Brief: Every entry below is to be copied word for word, with its pictures removed.
### Provided data ###
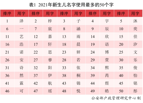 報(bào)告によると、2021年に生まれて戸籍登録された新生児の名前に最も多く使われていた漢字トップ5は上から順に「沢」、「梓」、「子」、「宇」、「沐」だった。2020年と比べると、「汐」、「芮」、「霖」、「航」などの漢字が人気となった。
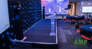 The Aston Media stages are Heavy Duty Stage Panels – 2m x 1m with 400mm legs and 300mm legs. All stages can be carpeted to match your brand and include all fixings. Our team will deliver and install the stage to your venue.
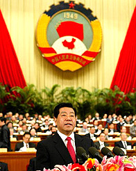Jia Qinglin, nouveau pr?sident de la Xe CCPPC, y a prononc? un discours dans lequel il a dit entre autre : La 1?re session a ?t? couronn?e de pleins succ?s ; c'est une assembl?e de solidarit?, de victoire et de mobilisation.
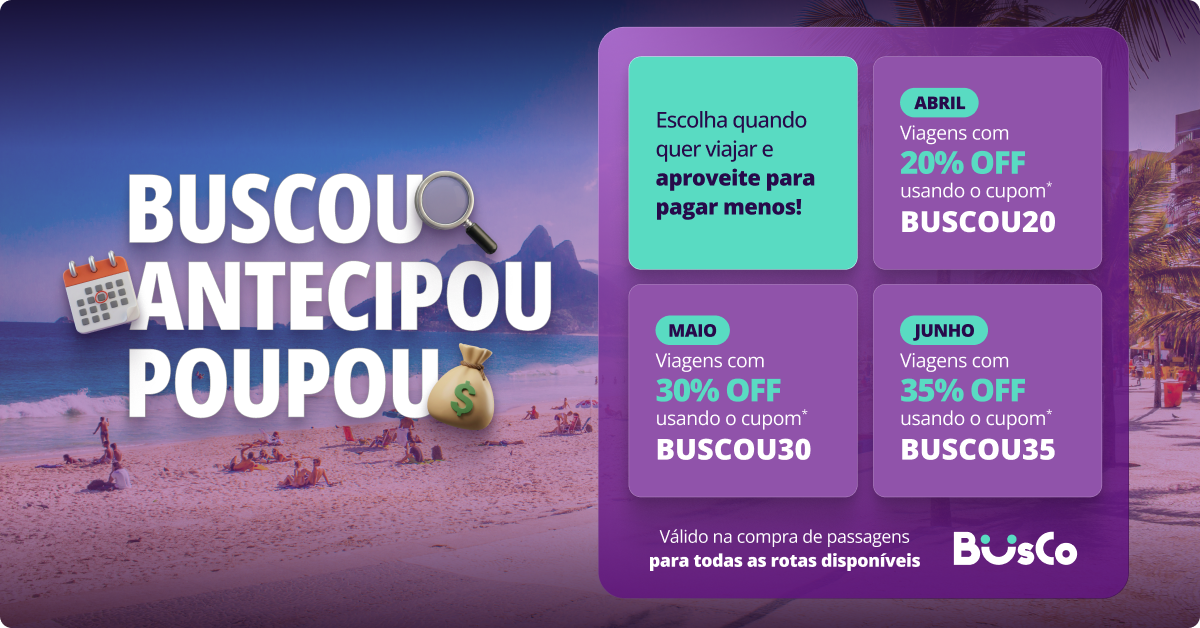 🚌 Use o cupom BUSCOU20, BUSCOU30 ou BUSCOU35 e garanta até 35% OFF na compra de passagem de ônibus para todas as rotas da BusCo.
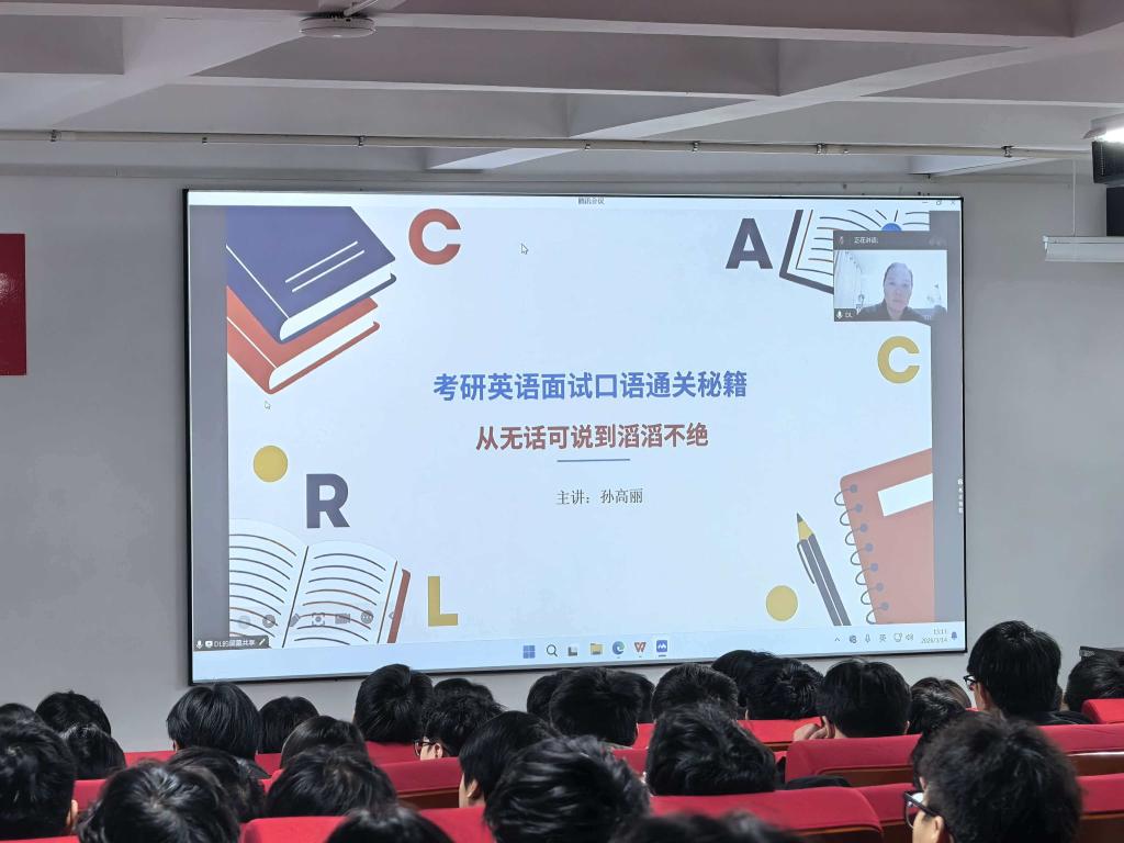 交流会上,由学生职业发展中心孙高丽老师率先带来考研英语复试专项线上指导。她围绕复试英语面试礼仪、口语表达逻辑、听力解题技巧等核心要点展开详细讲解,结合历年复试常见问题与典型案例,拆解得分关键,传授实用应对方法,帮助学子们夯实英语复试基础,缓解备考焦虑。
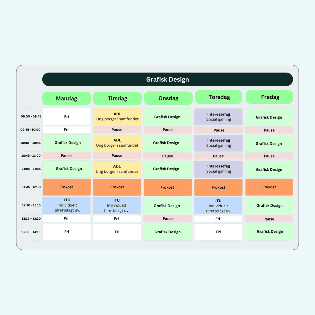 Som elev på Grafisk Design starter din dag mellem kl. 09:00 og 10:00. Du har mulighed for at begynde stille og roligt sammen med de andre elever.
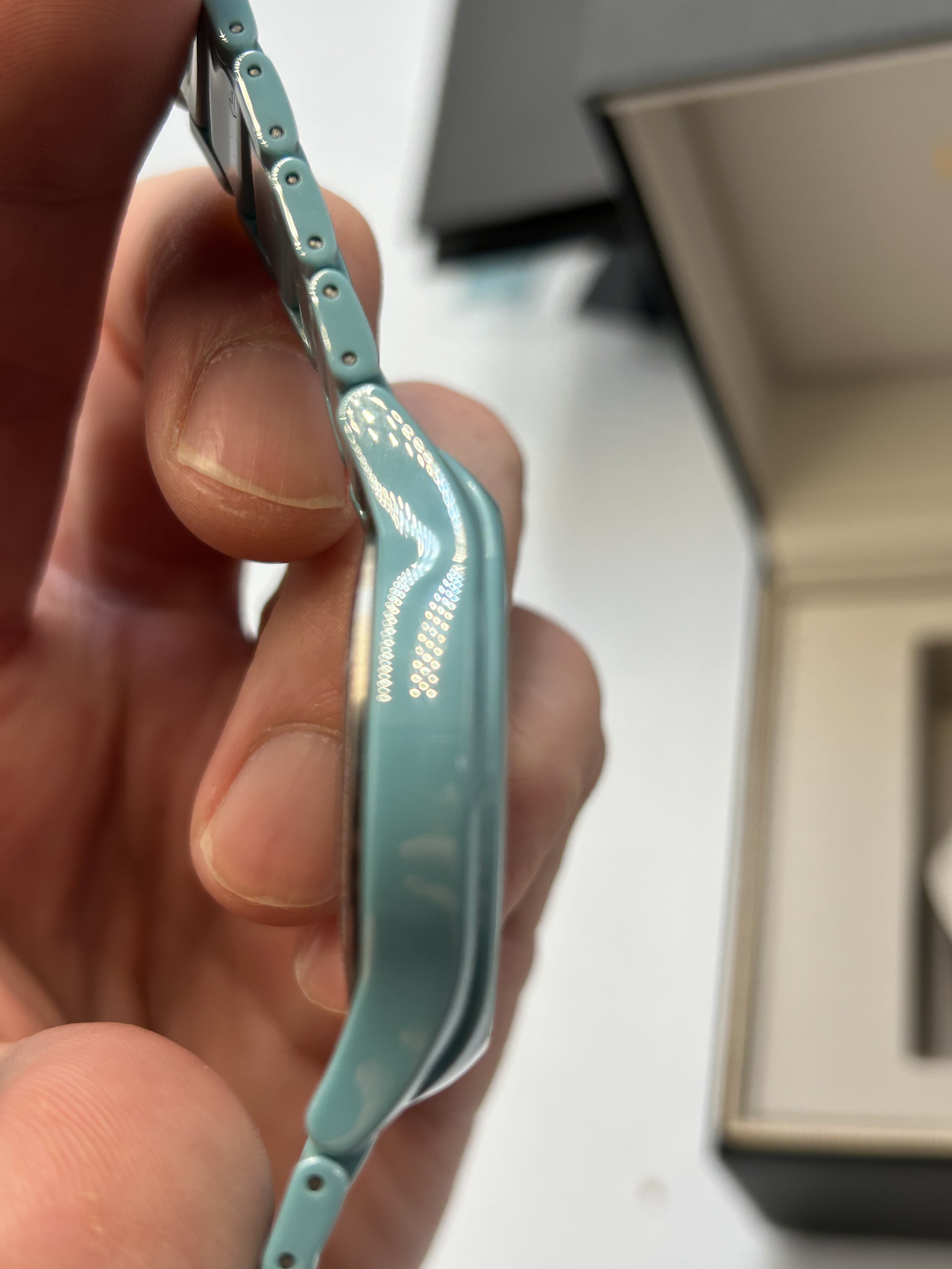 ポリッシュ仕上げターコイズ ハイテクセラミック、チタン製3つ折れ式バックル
###
Your response:
 報(bào)告によると、2021年に生まれて戸籍登録された新生児の名前に最も多く使われていた漢字トップ5は上から順に「沢」、「梓」、「子」、「宇」、「沐」だった。2020年と比べると、「汐」、「芮」、「霖」、「航」などの漢字が人気となった。
 The Aston Media stages are Heavy Duty Stage Panels – 2m x 1m with 400mm legs and 300mm legs. All stages can be carpeted to match your brand and include all fixings. Our team will deliver and install the stage to your venue.
Jia Qinglin, nouveau pr?sident de la Xe CCPPC, y a prononc? un discours dans lequel il a dit entre autre : La 1?re session a ?t? couronn?e de pleins succ?s ; c'est une assembl?e de solidarit?, de victoire et de mobilisation.
 🚌 Use o cupom BUSCOU20, BUSCOU30 ou BUSCOU35 e garanta até 35% OFF na compra de passagem de ônibus para todas as rotas da BusCo.
 交流会上,由学生职业发展中心孙高丽老师率先带来考研英语复试专项线上指导。她围绕复试英语面试礼仪、口语表达逻辑、听力解题技巧等核心要点展开详细讲解,结合历年复试常见问题与典型案例,拆解得分关键,传授实用应对方法,帮助学子们夯实英语复试基础,缓解备考焦虑。
 Som elev på Grafisk Design starter din dag mellem kl. 09:00 og 10:00. Du har mulighed for at begynde stille og roligt sammen med de andre elever.
 ポリッシュ仕上げターコイズ ハイテクセラミック、チタン製3つ折れ式バックル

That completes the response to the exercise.